Copy out exactly the stretch below, from the line with "A charming white" through the line with "L'ultimo aggiornamento delOPSWAT", both included; the pictures stay out.

──────── GIVEN ENTRIES

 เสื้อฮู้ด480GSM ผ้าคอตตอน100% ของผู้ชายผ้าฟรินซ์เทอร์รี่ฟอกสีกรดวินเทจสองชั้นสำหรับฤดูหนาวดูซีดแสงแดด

────────────────
──────── GIVEN ENTRIES

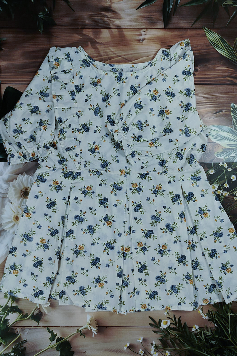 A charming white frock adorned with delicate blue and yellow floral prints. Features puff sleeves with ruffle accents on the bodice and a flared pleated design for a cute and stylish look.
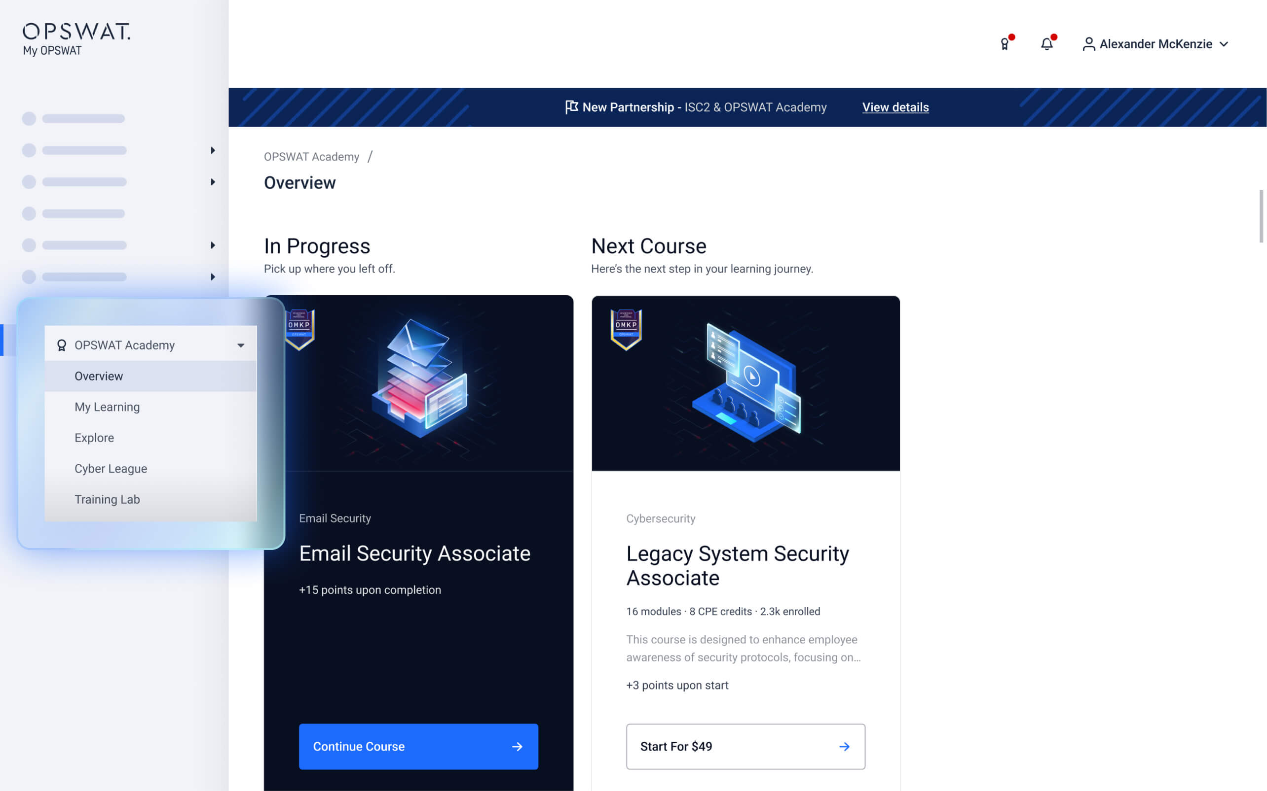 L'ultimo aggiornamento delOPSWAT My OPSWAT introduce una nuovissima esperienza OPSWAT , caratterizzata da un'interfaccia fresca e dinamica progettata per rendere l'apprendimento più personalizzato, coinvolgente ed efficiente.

────────────────

RESULT FOR THIS EXERCISE —
 A charming white frock adorned with delicate blue and yellow floral prints. Features puff sleeves with ruffle accents on the bodice and a flared pleated design for a cute and stylish look.
 L'ultimo aggiornamento delOPSWAT My OPSWAT introduce una nuovissima esperienza OPSWAT , caratterizzata da un'interfaccia fresca e dinamica progettata per rendere l'apprendimento più personalizzato, coinvolgente ed efficiente.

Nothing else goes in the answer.